== Task goal ==
Skip pictures in the listing below; copy exactly the lines from the one with "En Suède, quand" through the one with "Efter bön: Metakarpalbenet", inclusive.

(Records for the task Opens)

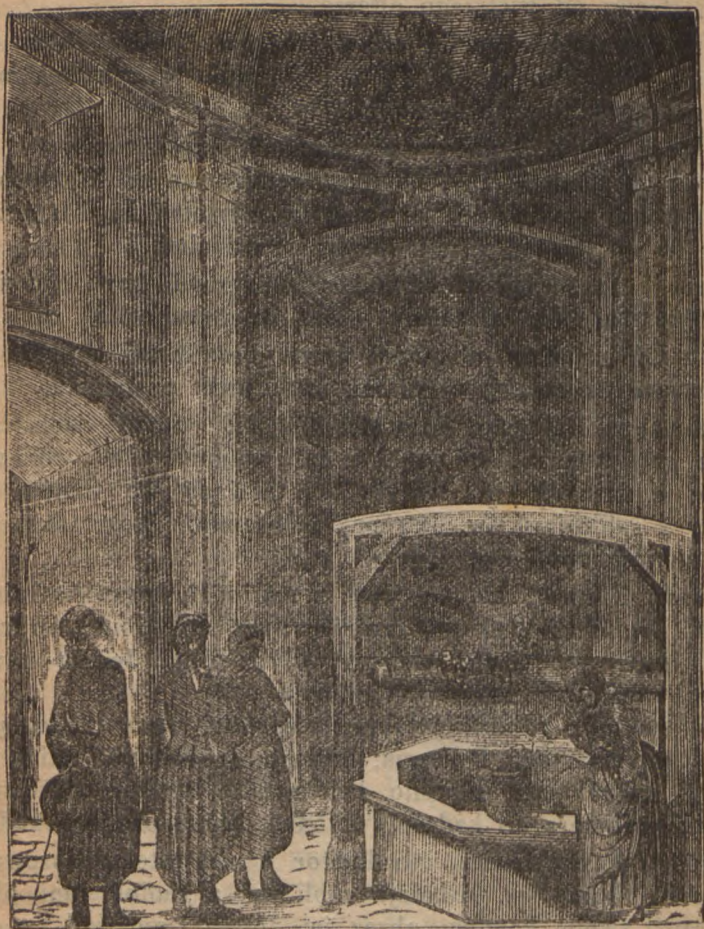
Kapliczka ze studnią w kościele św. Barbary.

(Records for the task Closes)
(Records for the task Opens)

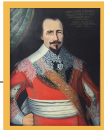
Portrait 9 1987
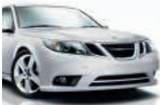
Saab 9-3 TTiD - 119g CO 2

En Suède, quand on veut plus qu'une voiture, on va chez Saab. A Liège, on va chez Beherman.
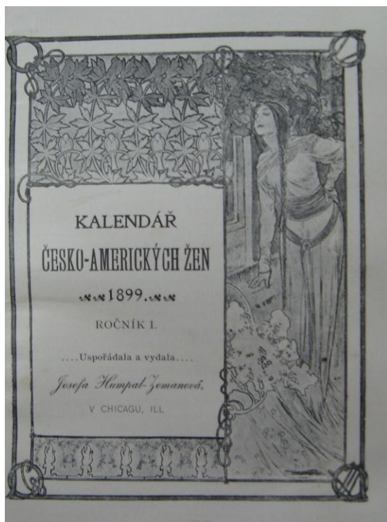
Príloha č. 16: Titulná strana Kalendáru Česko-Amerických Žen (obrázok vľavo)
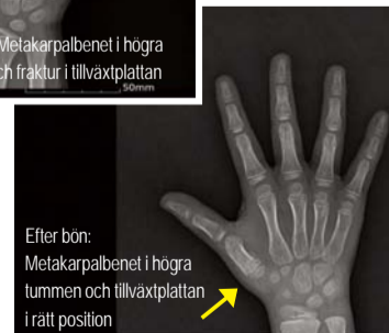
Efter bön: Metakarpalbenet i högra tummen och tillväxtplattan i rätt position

(Records for the task Closes)

== Response to this exercise ==
En Suède, quand on veut plus qu'une voiture, on va chez Saab. A Liège, on va chez Beherman.
Príloha č. 16: Titulná strana Kalendáru Česko-Amerických Žen (obrázok vľavo)
Efter bön: Metakarpalbenet i högra tummen och tillväxtplattan i rätt position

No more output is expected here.